I discovered Free Republic in July 97 after a Tony Snow syndicated article that was in the Washington Times that referenced the Drudge Report breaking Kathleen Wiley’s private time with the ‘Toon.
Drudge had a link called “The Whitwater Page”.
That’s when the addiction started.
I remember the Friday night after BJ’s ham fisted testimony, when Drudge posted the bombshell, then Sunday morning when Cokie Roberts and George Will mentioned it, and then KABOOM: when the Wash Post spattered it as a banner headline that Wednesday. For some reason, that’s when it became huge.
I’ll never forget some of the hilarious FR posts from that time.
I was in Los Angeles, around March or April of that year on a business trip. At round 4:30 or 5:00 , I got back to the hotel room. Turned on the TV, and I swear to god on a stack of bibles, I see a 15 second preview of a srory that is scheduled to air on the following news program about Bill Clinton raping some woman. That a man who was friends of the rape victim would talk, and I think I saw a video of the guy who was a friend of Juanita Broderick's in this preview video segment.
I was amazed , watched the whole news program, and the story never aired!!!!!
I guarantee some one in the white house called that local station and threatened them with the wrath of Cankles.
Needless to say, 8 or 9 months later I was amazed yet again when her story finally started to break. DEJA VUE!!!!!
I remember you!
Boy does that speak volumes.

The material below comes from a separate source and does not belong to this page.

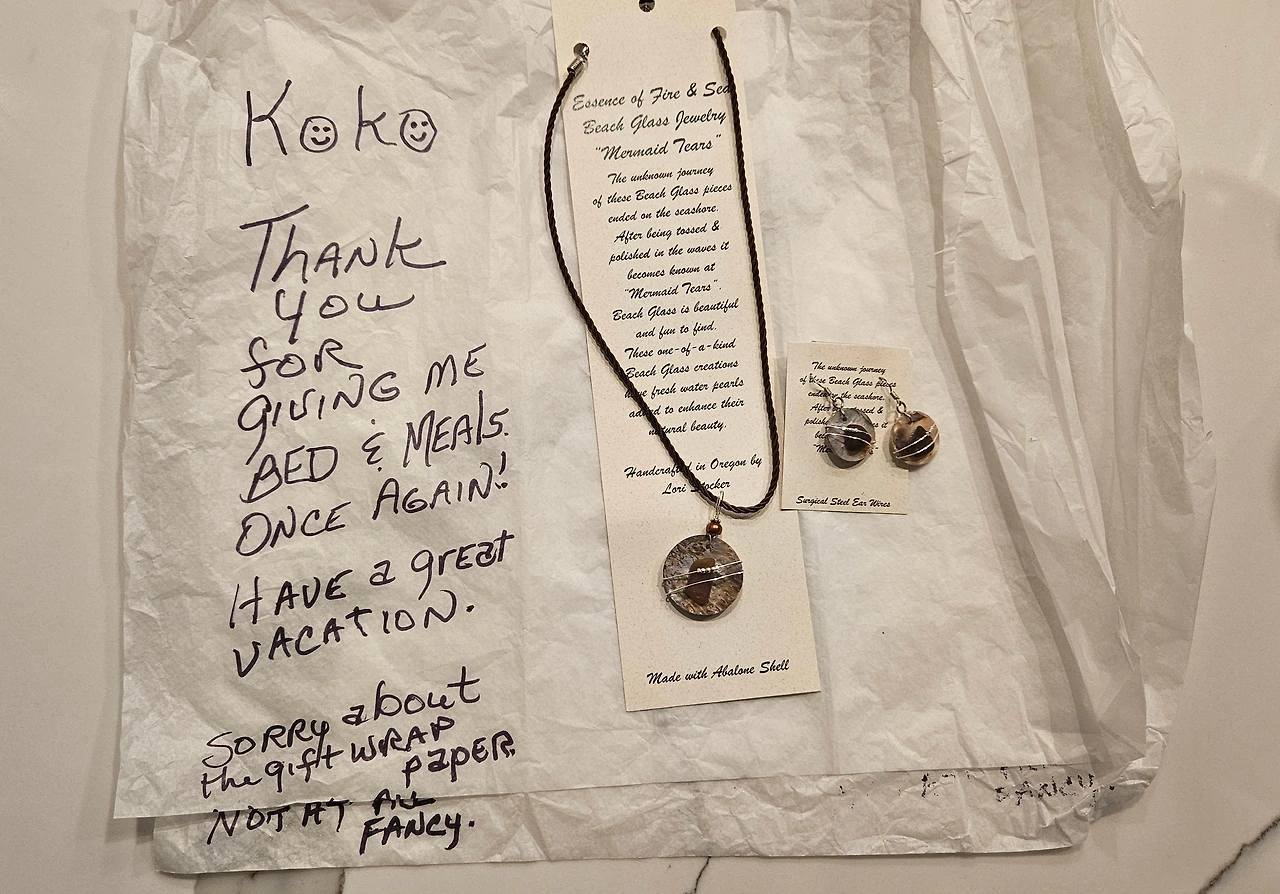 시누가 선물을 두고 간지도 몰랐다. 남편이 아일랜드 위에 선물이 있다고 알려줘서야 보게 된 시누 선물. 내 이름 안에 스마일 넣는 사랑둥이, 센스쟁이 시누. 스타일리시한 귀걸이와 목걸이는 한국 갈 때 이쁘게 하고 가야지. 한지 같은 종이에 남긴 메모라 이쁘기만 한데, 고급지지 못해 미안해하는 맘도 고운 시누. 무탈하게 잘 돌아갔기를...

I was blue in the face debating some Lefty friends in '98 when they continually defended that scumbag, seemingly comfortable with what he did to the office of President.
This must be some new definition of the word "entertaining" of which I was unaware. I remember it well, and I found it appalling. A President got away with diddling an intern in the Oval Office, lying about it under oath, and got to wag his finger at the rest of us, treating the American people like some sort of peasantry. I did not find it funny or entertaining. Bill Clinton is a 12 year old trapped in a grown man's body, and that is being generous.